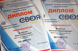 В итоге Максим стал Чемпионом Уральского федерального округа, а Женя – серебряным призёром "Своей игры". Победа дает право городу Снежинску выставить в будущем году на эти соревнования четверых игроков! Снежинцы ещё раз подтвердили, что сегодня они – сильнейшие интеллектуалы на Урале среди школьников.
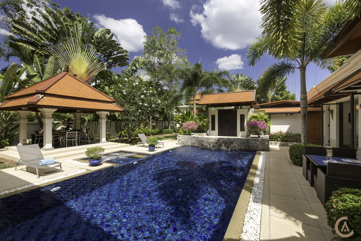 This luxurious private pool villa is situated close to Bangtao Beach on the west coast of Phuket near the entrance to the popular Laguna resort complex. The villa is on 968 sqm land plot, very well maintained and fully furnished. The villa features a separate lounge, dining room, open western kitchen and maids quarters. All rooms open on to the pool, the main focus of the home via concertina glass and hardwood doors and beautifully landscaped gardens surrounded by high walls for privacy. The guest villa is very well appointed with a sitting area and ensuite bathroom but fully self contained in a separate villa.
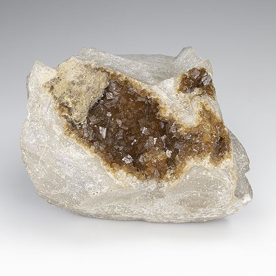 Glistening dark honey colored cubic crystals of fluorite averaging 0.5 cm in size across the top of this matrix. In good condition.Data last checked on 11th Aug 2021 - specimen may no longer be available
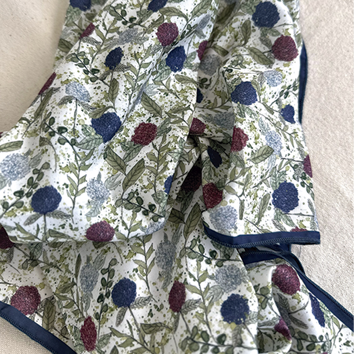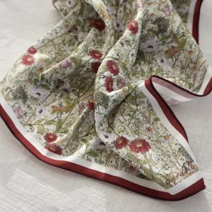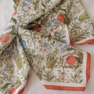 Pañuelo llenito de nuestro estampado Muy de Cantabria, diseñado con mucha delicadeza, para que cada motivo esté colocado en el lugar ideal. Tamaño 65×65 y acabado en satén.

===============

» **THE TASK**
Reproduce everything above exactly, images excluded.

» **SOLUTION TO THE EXERCISE**
 В итоге Максим стал Чемпионом Уральского федерального округа, а Женя – серебряным призёром "Своей игры". Победа дает право городу Снежинску выставить в будущем году на эти соревнования четверых игроков! Снежинцы ещё раз подтвердили, что сегодня они – сильнейшие интеллектуалы на Урале среди школьников.
 This luxurious private pool villa is situated close to Bangtao Beach on the west coast of Phuket near the entrance to the popular Laguna resort complex. The villa is on 968 sqm land plot, very well maintained and fully furnished. The villa features a separate lounge, dining room, open western kitchen and maids quarters. All rooms open on to the pool, the main focus of the home via concertina glass and hardwood doors and beautifully landscaped gardens surrounded by high walls for privacy. The guest villa is very well appointed with a sitting area and ensuite bathroom but fully self contained in a separate villa.
 Glistening dark honey colored cubic crystals of fluorite averaging 0.5 cm in size across the top of this matrix. In good condition.Data last checked on 11th Aug 2021 - specimen may no longer be available
 Pañuelo llenito de nuestro estampado Muy de Cantabria, diseñado con mucha delicadeza, para que cada motivo esté colocado en el lugar ideal. Tamaño 65×65 y acabado en satén.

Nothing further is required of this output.